Events ~ Spring 2006
[Updated 3-10-2006]

 

* ANNOUNCEMENT: Friday, April 21, 3 o’clock p.m. Campus Center 375. Twenty-sixth Annual Phi Alpha Theta Lecture: “Japanese War Crimes and Tribunals, Yesterday and Today” by Dr. Herbert Bix, Binghamton University. There will be a reception immediately following the lecture in the Campus Center Patroon Lounge. Free and open to the public. Dr Herbert Bix is Professor (Joint with Sociology) & Vice Chair of the Department of History, Binghamton University. He is an expert on the political, military, and social history of 19th and 20th century Japan. His current research centers on the Asia-Pacific War and its aftermath, Western images of the Showa emperor Hirohito, and Japanese constitutional thought.
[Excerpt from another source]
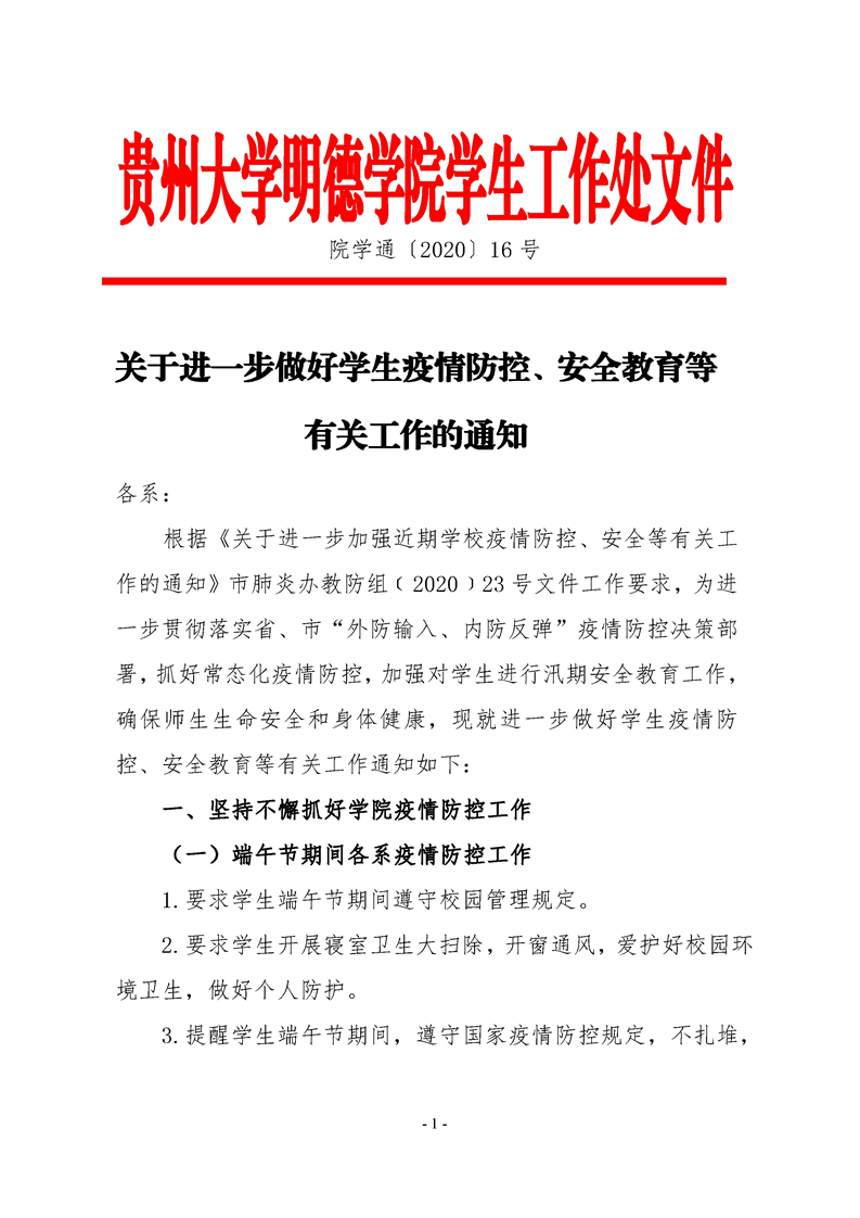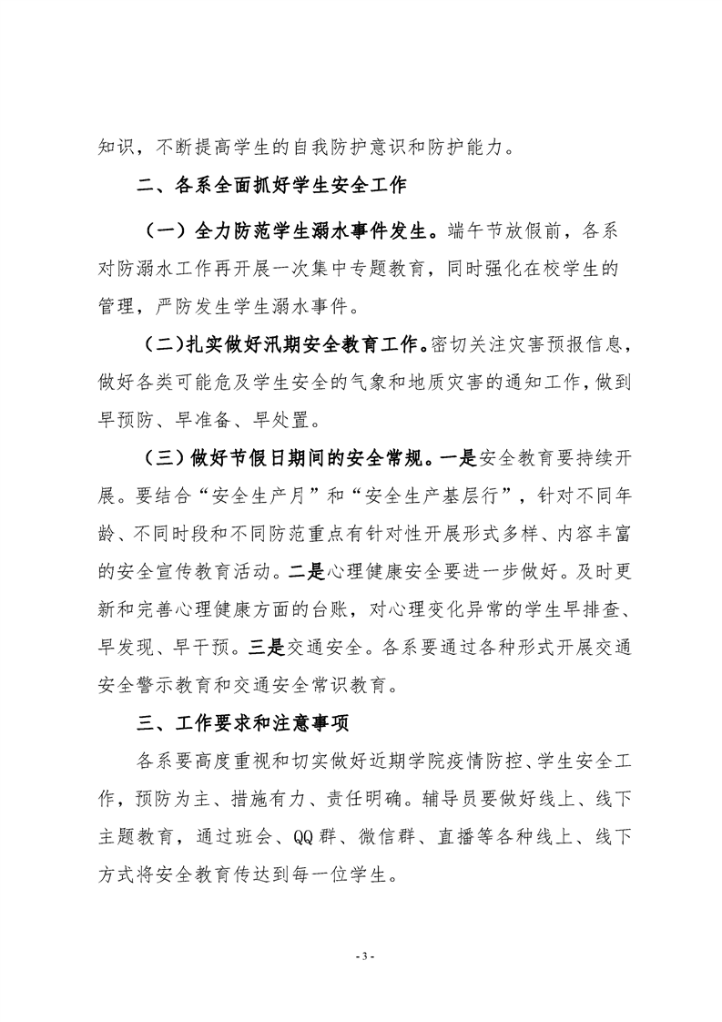 关于进一步做好学生疫情防控、安全教育等有关工作的通知

* Monday, March 13, 2006. 3:00 p.m., Assembly Hall, U-Albany Uptown Campus: Twentieth Annual Janice D. and Theodore H. Fossieck Lecture: “Holy Wars in Beulah Land: The Contest among Evangelical Protestants in the Early Nineteenth-Century South” by Christine Leigh Heyrman. There will be a reception immediately following
the lecture in the Fireside Lounge. Heyrman received her Ph.D. from Yale. She is currently a Distinguished Professor of History at the University of Delaware. Her publications include Commerce and Culture: The Maritime Communities of Colonial Massachusetts, 1690-1750 and Southern Cross: The Beginnings of the Bible Belt. Dr. Heyrman received the prestigious Bancroft Prize in 1998 for Southern Cross.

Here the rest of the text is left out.